= Edward Arthur Dunphy =

Australian barrister and federal judge (1907–1989)

Hon. Edward Arthur Dunphy (18 June 1907—26 January 1989) was a justice within the Australian federal court system.

Dunphy was born 18 June 1907 in Perth, Western Australia, the son of William Henry Dunphy, and was educated at the Christian Brothers' College, Perth. He married Ethel Marshall Nunn on 19 December 1935, and they were the parents of two sons and three daughters. He was admitted to the Bar in 1932, was Western Australia's Crown Solicitor in May 1938 until September 1945 and appointed as a King's Counsel in 1944, and it was believed that he was then the youngest KC in Australia. In 1949, he was appointed to the Industrial Court and sat on the 1950 Basic Wage case, which made the decision to award a £1 a week pay rise which broke the barrier of £10 a week. and proceeded to sit on a succession of other courts within the federal and territorial jurisdictions until 1983.

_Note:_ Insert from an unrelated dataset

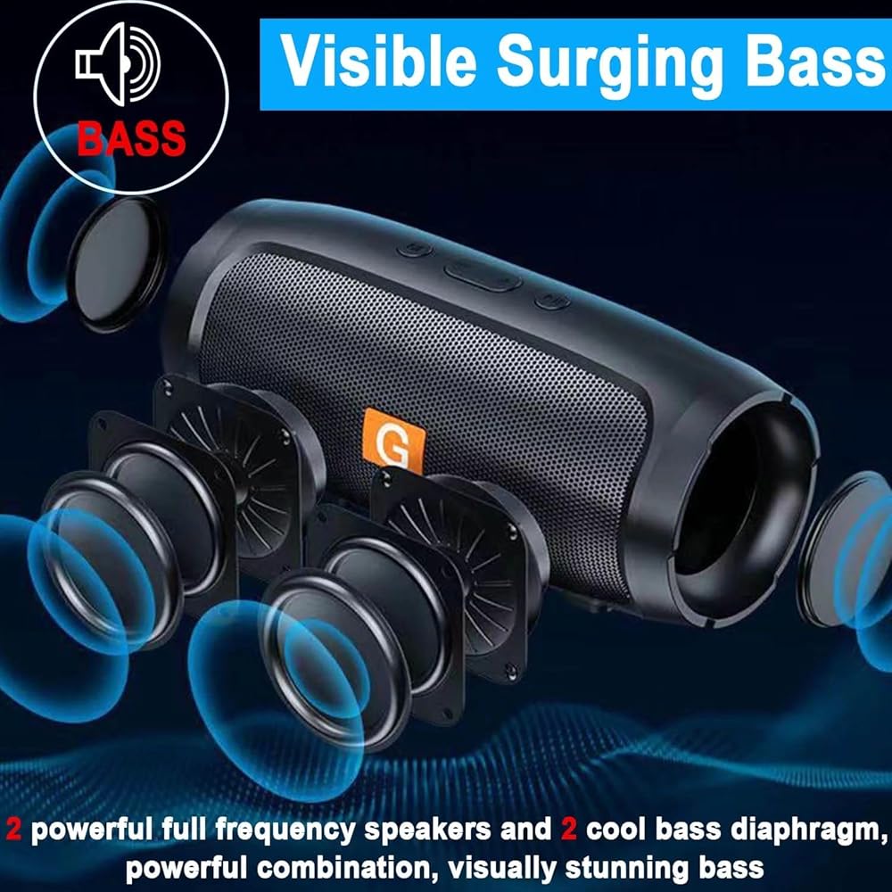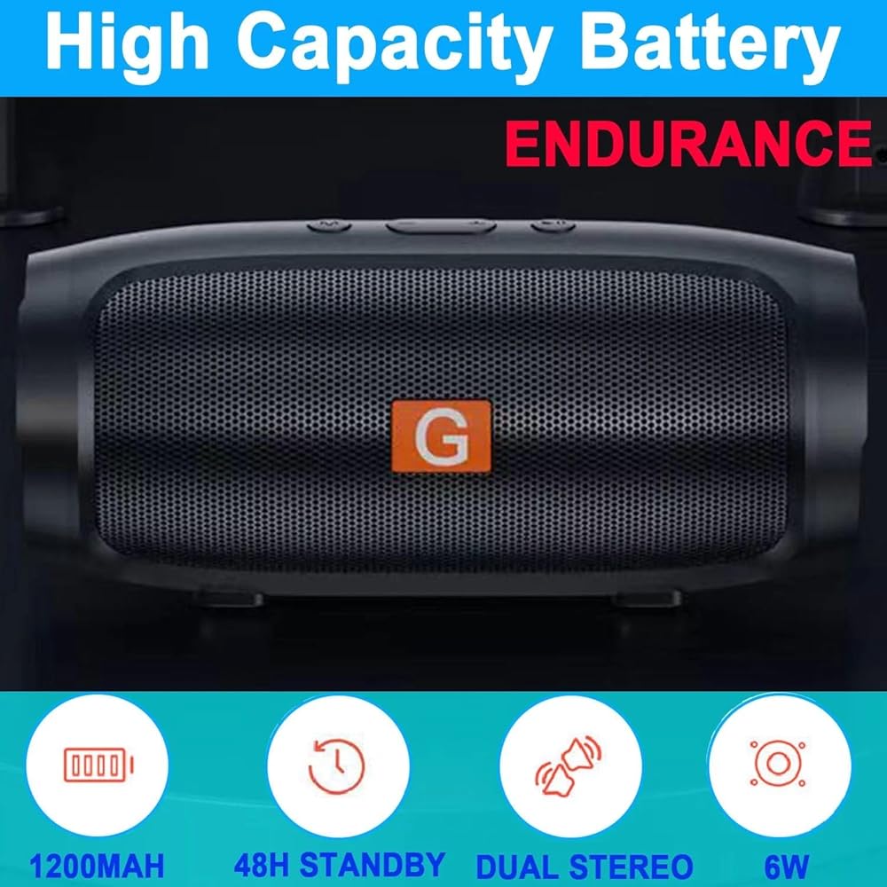وقت تشغيل 24 ساعة ونطاق بلوتوث 100 قدم: مكبر صوت بلوتوث محمول مدمج ببطارية قابلة لإعادة الشحن بقدرة 8000 مللي أمبير في الساعة، يدعم وقت تشغيل يصل إلى 24 ساعة بحجم 50%. البلوتوث

Dunphy was the sole remaining judge of the Industrial Court which was disbanded and duties taken over by the industrial edition of the Federal Court. He gained some notoriety towards the end of his judicial career for not bending to political will for him to retire when past seventy years of age, following the passing of the 1977 referendum on judicial retirement age. He remained a judge appointed for life, though it was stated by the government it was unable to appoint him to another court due his being past the designated retirement age, a claim that Dunphy rejected, saying that other judges over 70 had already been appointed to other courts. He retired from the bench in 1983, and died in 1989.

==Judicial appointments==
Source:

- President of the Arbitration Court of Western Australia from September 1945 – 1949, with status of Supreme Court judge
- Member of the Courts Marine Inquiry from 1963 to 1983
- Member of the Land and Valuation Tribunal of the Northern Territory from 1964 to 1983
- Justice of the Commonwealth Court of Conciliation and Arbitration from 1949 to 1956.
- Justice of the Commonwealth Industrial Court from 1956 to 1983.
- Justice of the Supreme Court of the Australian Capital Territory from 1958 to 1983
- Justice of the Supreme Court of Christmas Island and the Supreme Court of the Cocos (Keeling) Islands from 1961 to 1983
- Justice of the Supreme Court of Norfolk Island from 1970 to 1983.